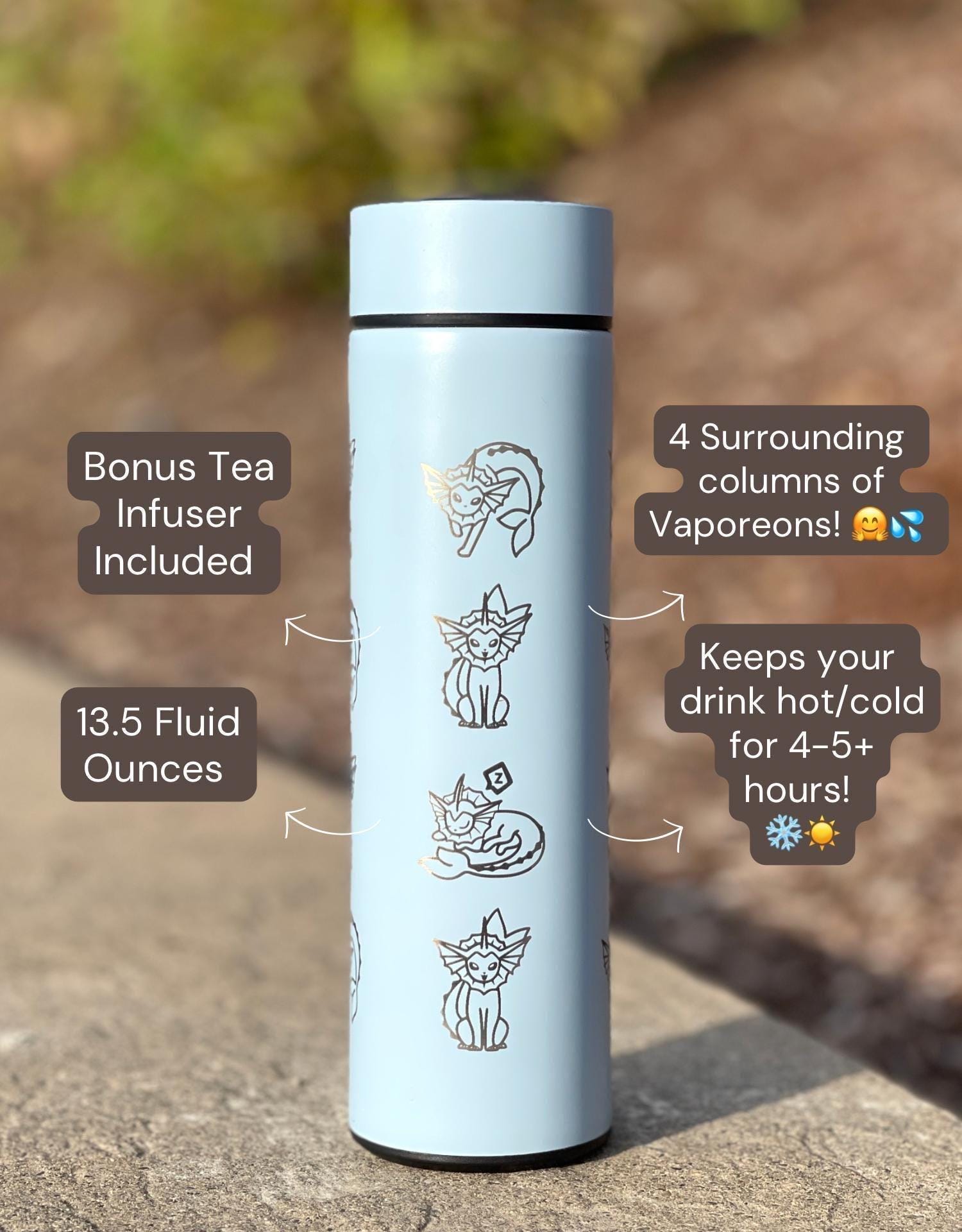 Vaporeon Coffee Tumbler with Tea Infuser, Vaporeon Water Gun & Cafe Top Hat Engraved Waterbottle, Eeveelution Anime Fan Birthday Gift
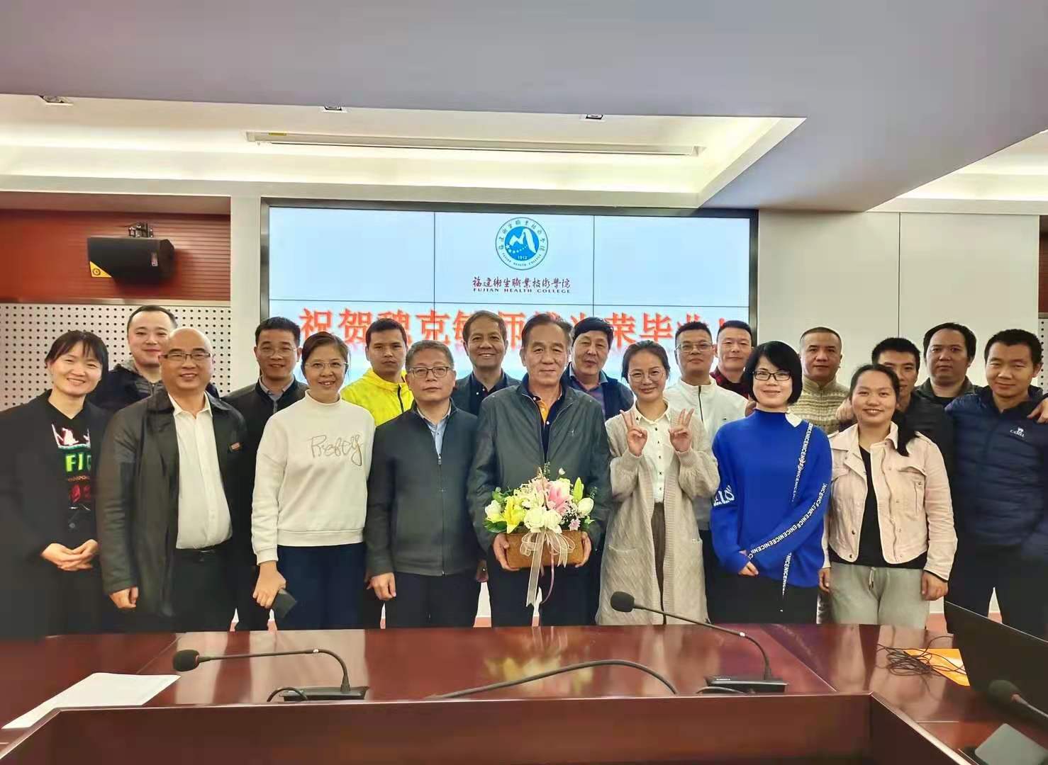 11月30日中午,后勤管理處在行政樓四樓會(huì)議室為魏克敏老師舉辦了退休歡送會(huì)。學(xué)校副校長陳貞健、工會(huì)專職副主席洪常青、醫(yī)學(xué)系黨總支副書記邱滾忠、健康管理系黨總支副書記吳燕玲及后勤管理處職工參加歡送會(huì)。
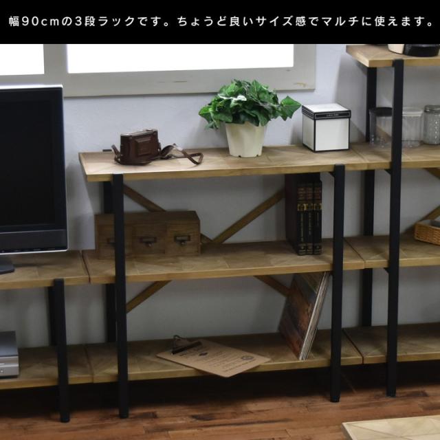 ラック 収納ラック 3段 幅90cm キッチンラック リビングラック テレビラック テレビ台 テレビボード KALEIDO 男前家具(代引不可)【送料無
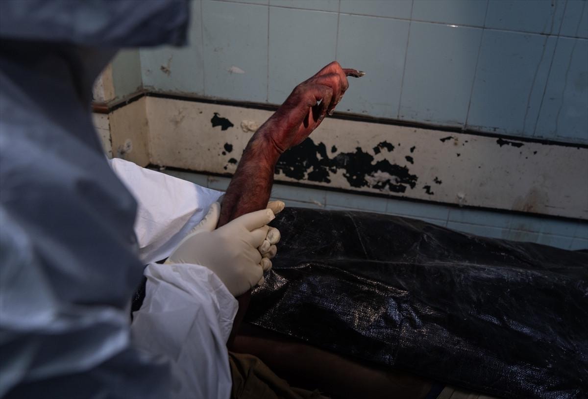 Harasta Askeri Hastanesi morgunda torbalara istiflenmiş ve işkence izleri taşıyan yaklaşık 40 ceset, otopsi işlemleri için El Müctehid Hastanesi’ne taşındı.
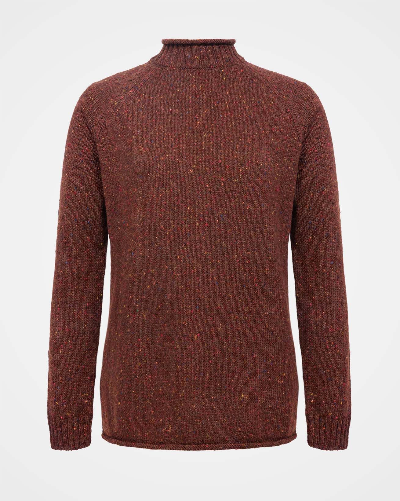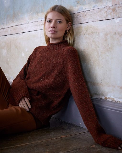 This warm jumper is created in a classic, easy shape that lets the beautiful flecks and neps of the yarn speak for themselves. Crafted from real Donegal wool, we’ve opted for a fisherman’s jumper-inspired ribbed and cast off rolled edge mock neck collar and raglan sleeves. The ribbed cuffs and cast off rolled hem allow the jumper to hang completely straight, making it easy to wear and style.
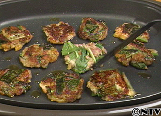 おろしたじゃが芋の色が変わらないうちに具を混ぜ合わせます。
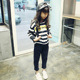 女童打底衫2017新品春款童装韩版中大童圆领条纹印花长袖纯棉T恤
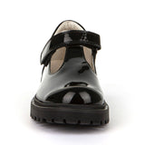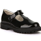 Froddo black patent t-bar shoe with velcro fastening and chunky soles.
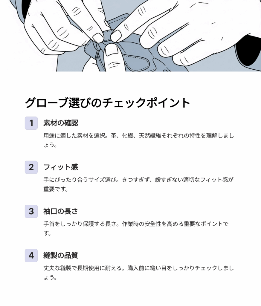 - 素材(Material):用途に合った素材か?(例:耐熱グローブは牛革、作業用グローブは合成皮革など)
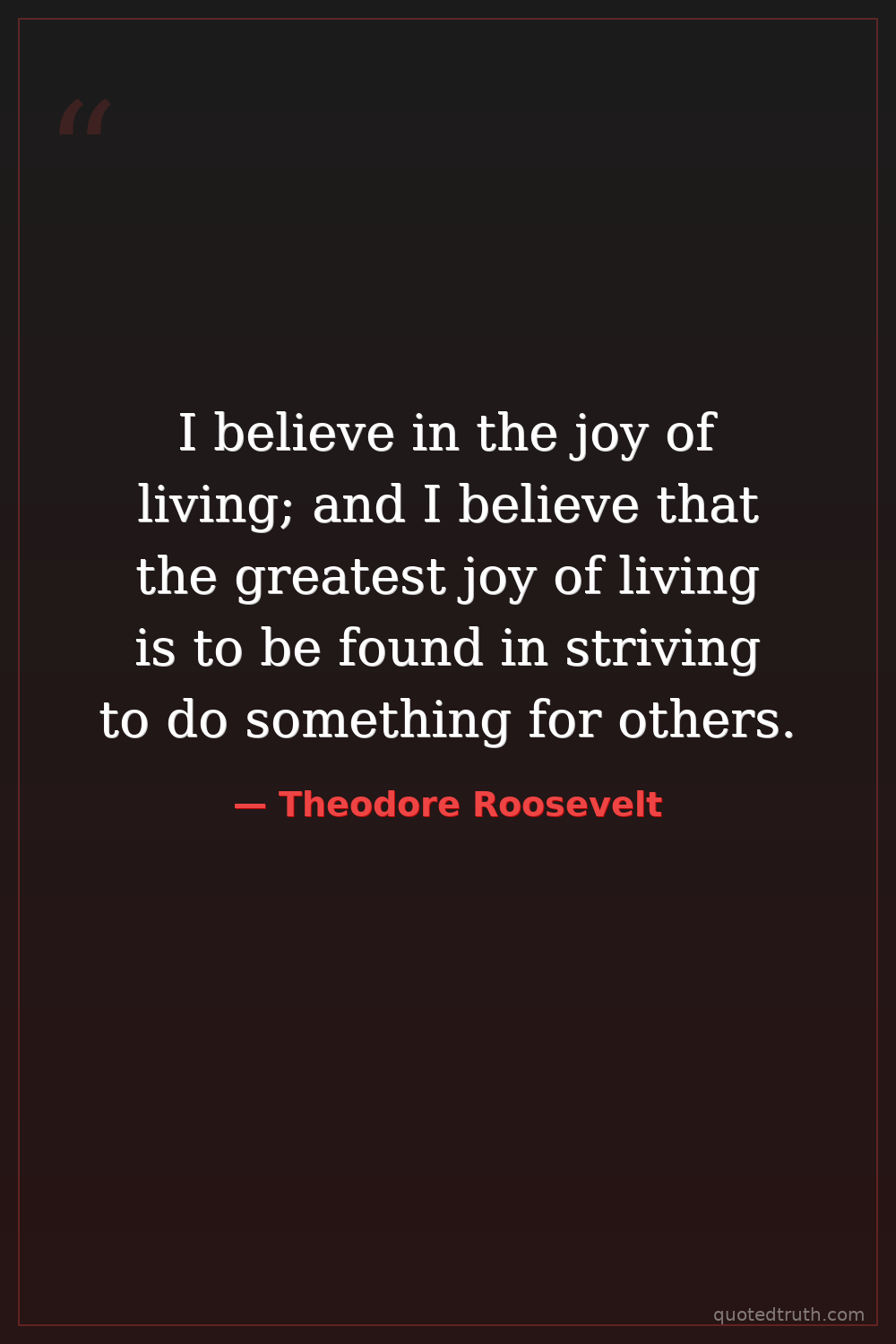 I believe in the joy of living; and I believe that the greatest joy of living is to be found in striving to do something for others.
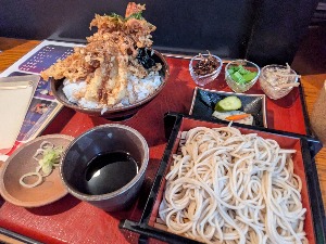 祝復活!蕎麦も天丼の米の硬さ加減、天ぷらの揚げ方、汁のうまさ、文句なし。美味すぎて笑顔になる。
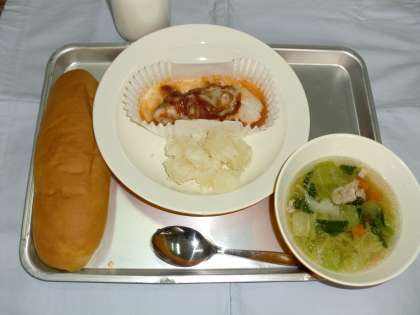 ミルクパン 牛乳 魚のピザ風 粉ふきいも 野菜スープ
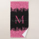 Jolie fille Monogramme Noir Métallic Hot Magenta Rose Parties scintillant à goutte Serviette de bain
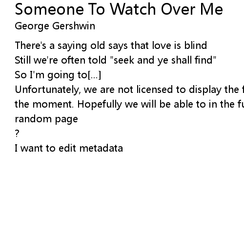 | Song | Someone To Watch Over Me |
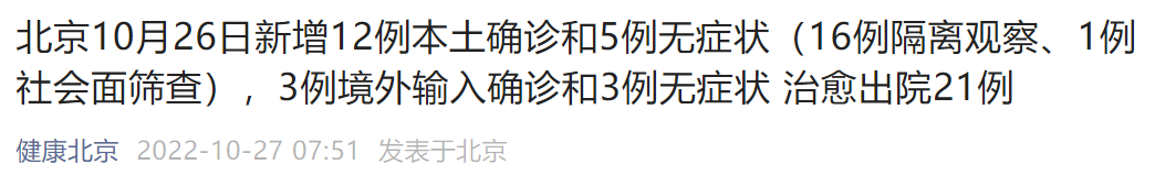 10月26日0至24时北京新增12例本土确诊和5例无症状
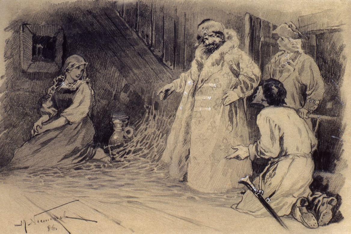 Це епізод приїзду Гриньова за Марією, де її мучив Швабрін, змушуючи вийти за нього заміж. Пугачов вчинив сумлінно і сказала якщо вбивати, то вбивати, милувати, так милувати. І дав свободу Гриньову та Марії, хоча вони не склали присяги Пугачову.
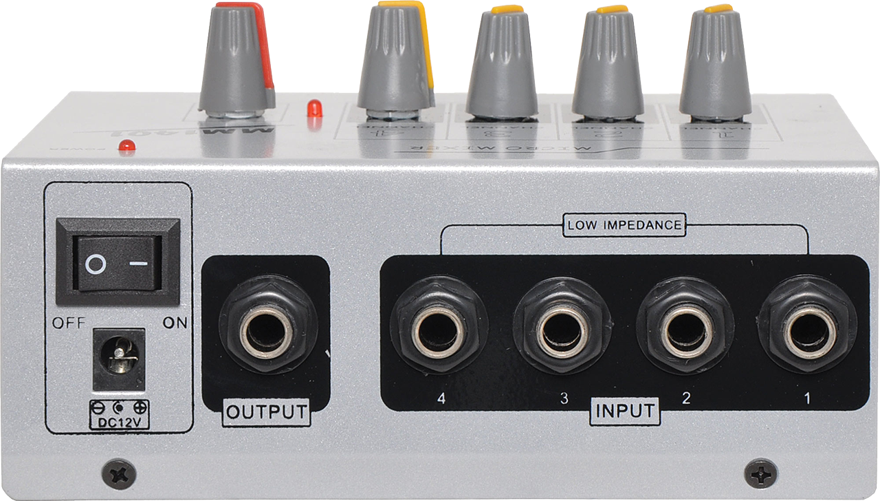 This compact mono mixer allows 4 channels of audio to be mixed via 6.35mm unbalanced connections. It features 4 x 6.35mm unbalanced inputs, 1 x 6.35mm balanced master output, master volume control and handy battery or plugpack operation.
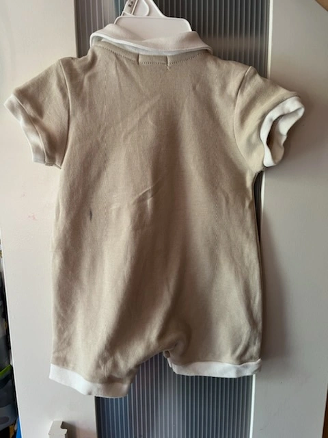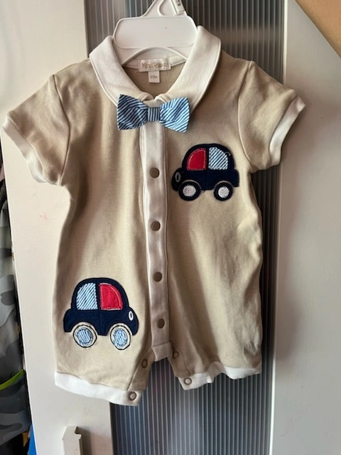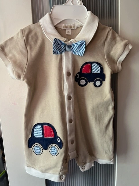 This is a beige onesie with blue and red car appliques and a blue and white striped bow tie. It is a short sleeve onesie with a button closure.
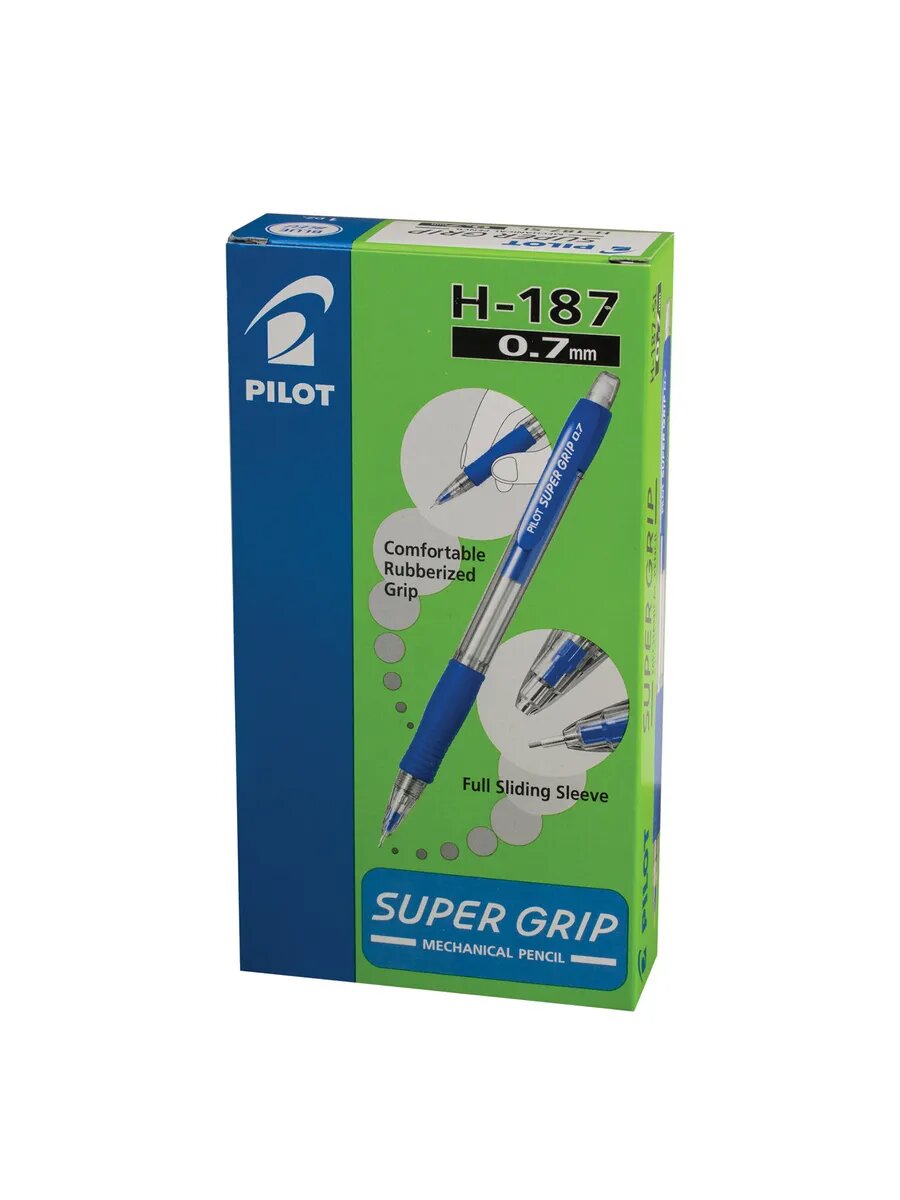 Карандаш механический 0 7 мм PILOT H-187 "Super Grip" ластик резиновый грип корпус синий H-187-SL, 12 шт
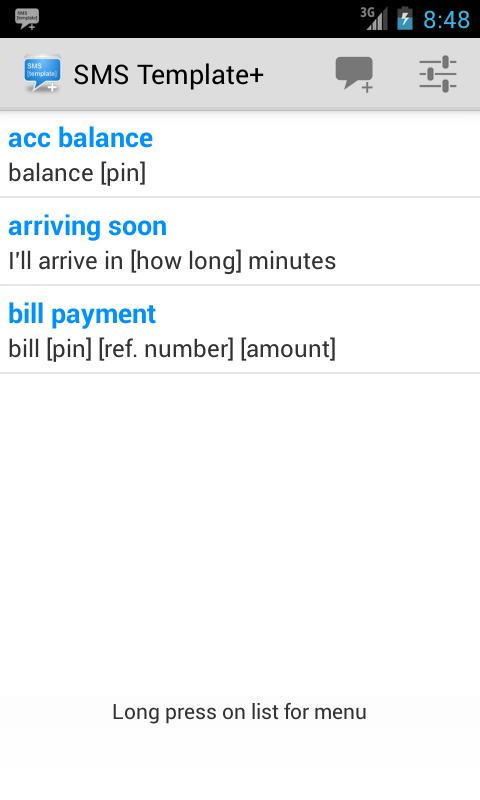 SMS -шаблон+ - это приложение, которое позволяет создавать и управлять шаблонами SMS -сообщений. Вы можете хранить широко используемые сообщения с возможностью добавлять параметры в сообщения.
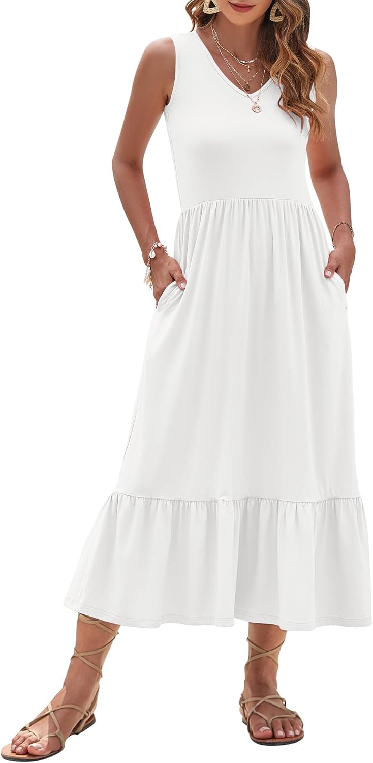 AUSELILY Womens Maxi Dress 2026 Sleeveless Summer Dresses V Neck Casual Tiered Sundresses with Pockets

###

### ASSIGNMENT
Beginning with the line that contains "- 素材(Material)" and ending with the final line of the listing, return each line exactly. Omit all pictures.

### WRITTEN REPLY
 - 素材(Material):用途に合った素材か?(例:耐熱グローブは牛革、作業用グローブは合成皮革など)
 I believe in the joy of living; and I believe that the greatest joy of living is to be found in striving to do something for others.
 祝復活!蕎麦も天丼の米の硬さ加減、天ぷらの揚げ方、汁のうまさ、文句なし。美味すぎて笑顔になる。
 ミルクパン 牛乳 魚のピザ風 粉ふきいも 野菜スープ
 Jolie fille Monogramme Noir Métallic Hot Magenta Rose Parties scintillant à goutte Serviette de bain
 | Song | Someone To Watch Over Me |
 10月26日0至24时北京新增12例本土确诊和5例无症状
 Це епізод приїзду Гриньова за Марією, де її мучив Швабрін, змушуючи вийти за нього заміж. Пугачов вчинив сумлінно і сказала якщо вбивати, то вбивати, милувати, так милувати. І дав свободу Гриньову та Марії, хоча вони не склали присяги Пугачову.
 This compact mono mixer allows 4 channels of audio to be mixed via 6.35mm unbalanced connections. It features 4 x 6.35mm unbalanced inputs, 1 x 6.35mm balanced master output, master volume control and handy battery or plugpack operation.
 This is a beige onesie with blue and red car appliques and a blue and white striped bow tie. It is a short sleeve onesie with a button closure.
 Карандаш механический 0 7 мм PILOT H-187 "Super Grip" ластик резиновый грип корпус синий H-187-SL, 12 шт
 SMS -шаблон+ - это приложение, которое позволяет создавать и управлять шаблонами SMS -сообщений. Вы можете хранить широко используемые сообщения с возможностью добавлять параметры в сообщения.
 AUSELILY Womens Maxi Dress 2026 Sleeveless Summer Dresses V Neck Casual Tiered Sundresses with Pockets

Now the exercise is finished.